Cigarette War, the Public Health, and the 

Unabashed Triumph of Philip Morris

      (6/10)

No book before this one has rendered the story of cigarettes — mankind's most  common self-destructive instrument and its most profitable consumer product —  with such sweep and enlivening detail.  Here for the first time, in a story full of the complexities and contradictions of  human nature, all the strands of the historical process — financial, social,  psychological, medical, political, and legal — are woven together in a riveting  narrative. The key characters are the top corporate executives, public health  investigators, and antismoking activists who have clashed ever more stridently as  Americans debate whether smoking should be closely regulated as a major  health menace.
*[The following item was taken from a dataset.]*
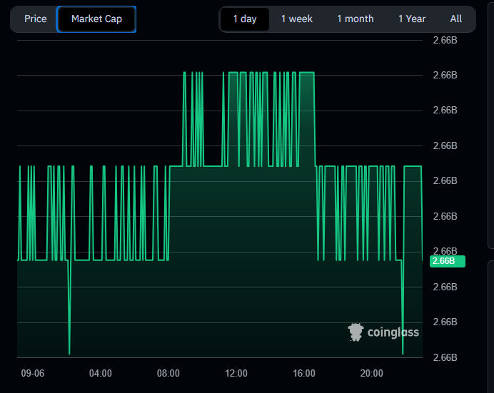 World Liberty Financial USD presented an irregular pattern throughout the day, holding around $2.66B. The chart revealed sharp spikes and drops, pointing to unstable activity. The structure reflected inconsistent liquidity and frequent erratic movements.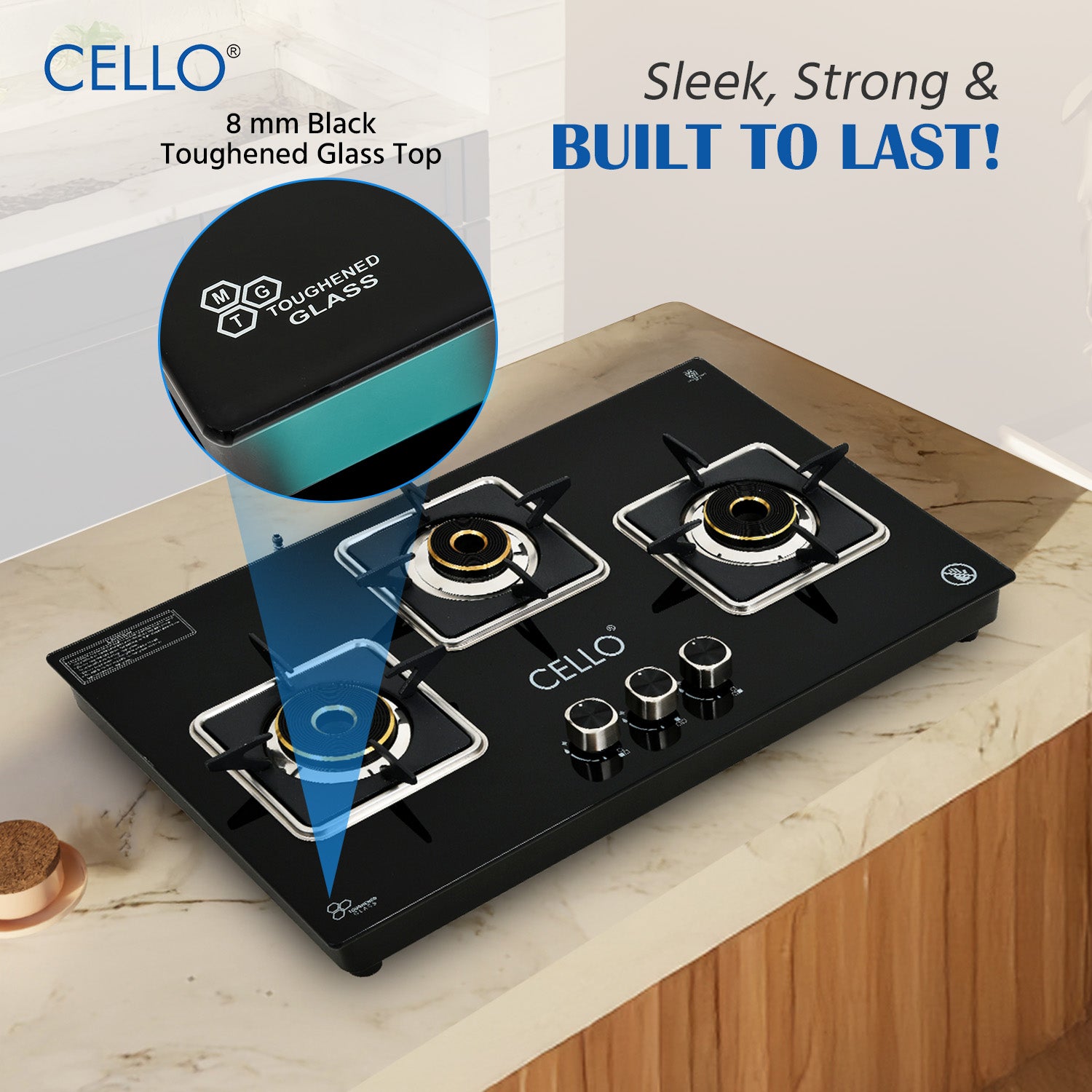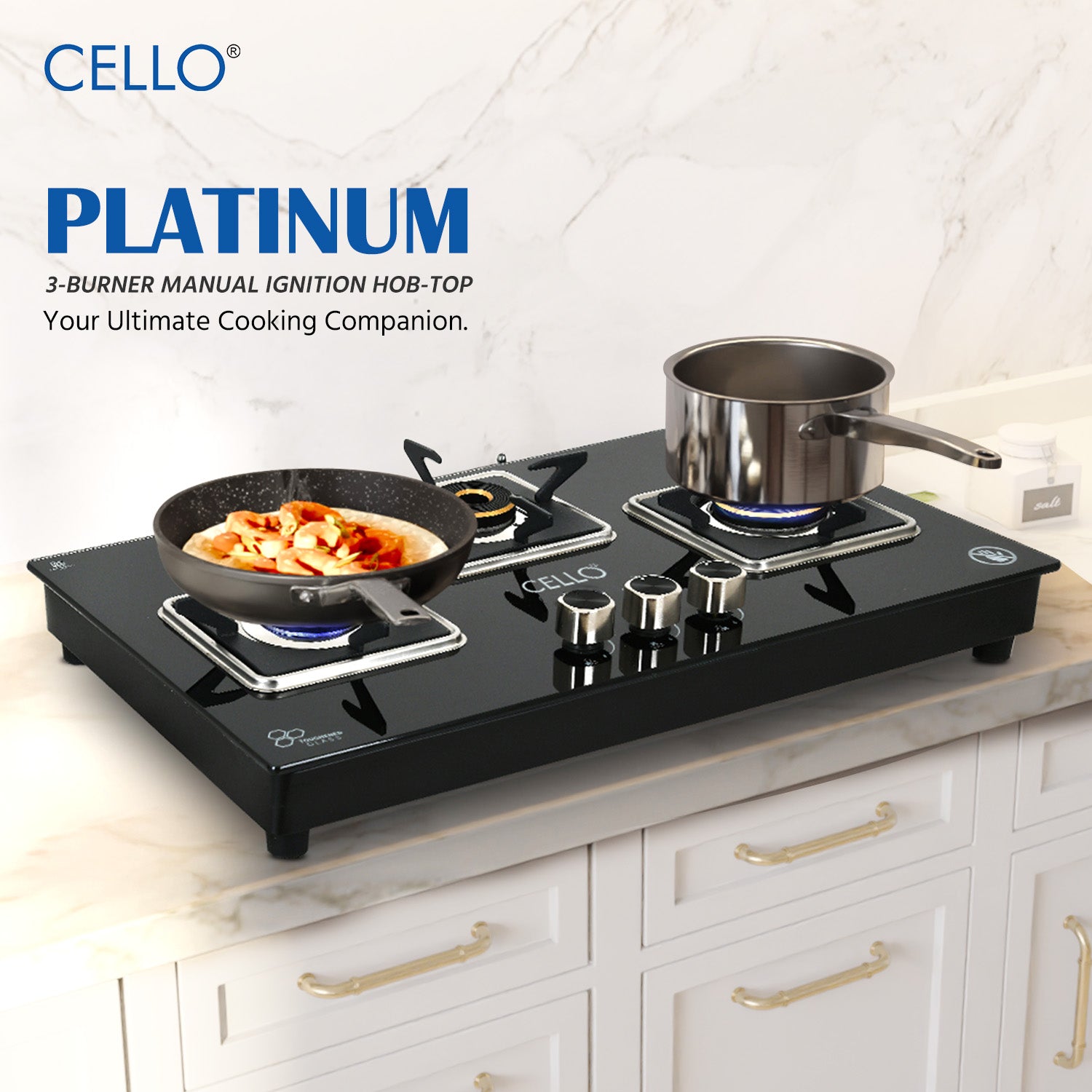 CELLO Platinum 3 Burners LPG Gas Stove - Efficient & Stylish Cooking Solution

This book, written by Richard Kluger, won the Pulitzer Prize for general non-  fiction in 1997, and it is indeed very good. It is an older book (written in 1996),  but I have included it nonetheless because I think everyone with an interest in  public health should have a go at this. It is the most detailed history of the birth  and grow of the tobacco industry (in the US) and subsequently how it dealt with  any suspicions that their products may be unhealthy....or well, deadly. Based on  a large number of interviews and about half a million documents the companies  were forced to make public as the result of a lawsuit, and which showed that the  industry knew about the effects of smoking on health for decades, the book  described how the industry continued to deny and fight confirmation of the  health risks with every means possible, and with great success. As such, the  strategies employed by the tobacco industry have since become the blueprint for  any industry fighting public health claims about health risks of their products.  I would recommend this book to everyone who works in, or has an interest in  public health to get some insights in how these “wars” are fought. It is so  detailed it leaves no questions unanswered...  ...so why did I give such an important book just 6/10?   It is indeed, very, very detailed and hence I said above that everyone should  “have a go at it”. It really is quite hard work to take it all in; let alone get tot he  end. So despite its importance, in terms of readibility (if it is not for academic  interest) it is a struggle.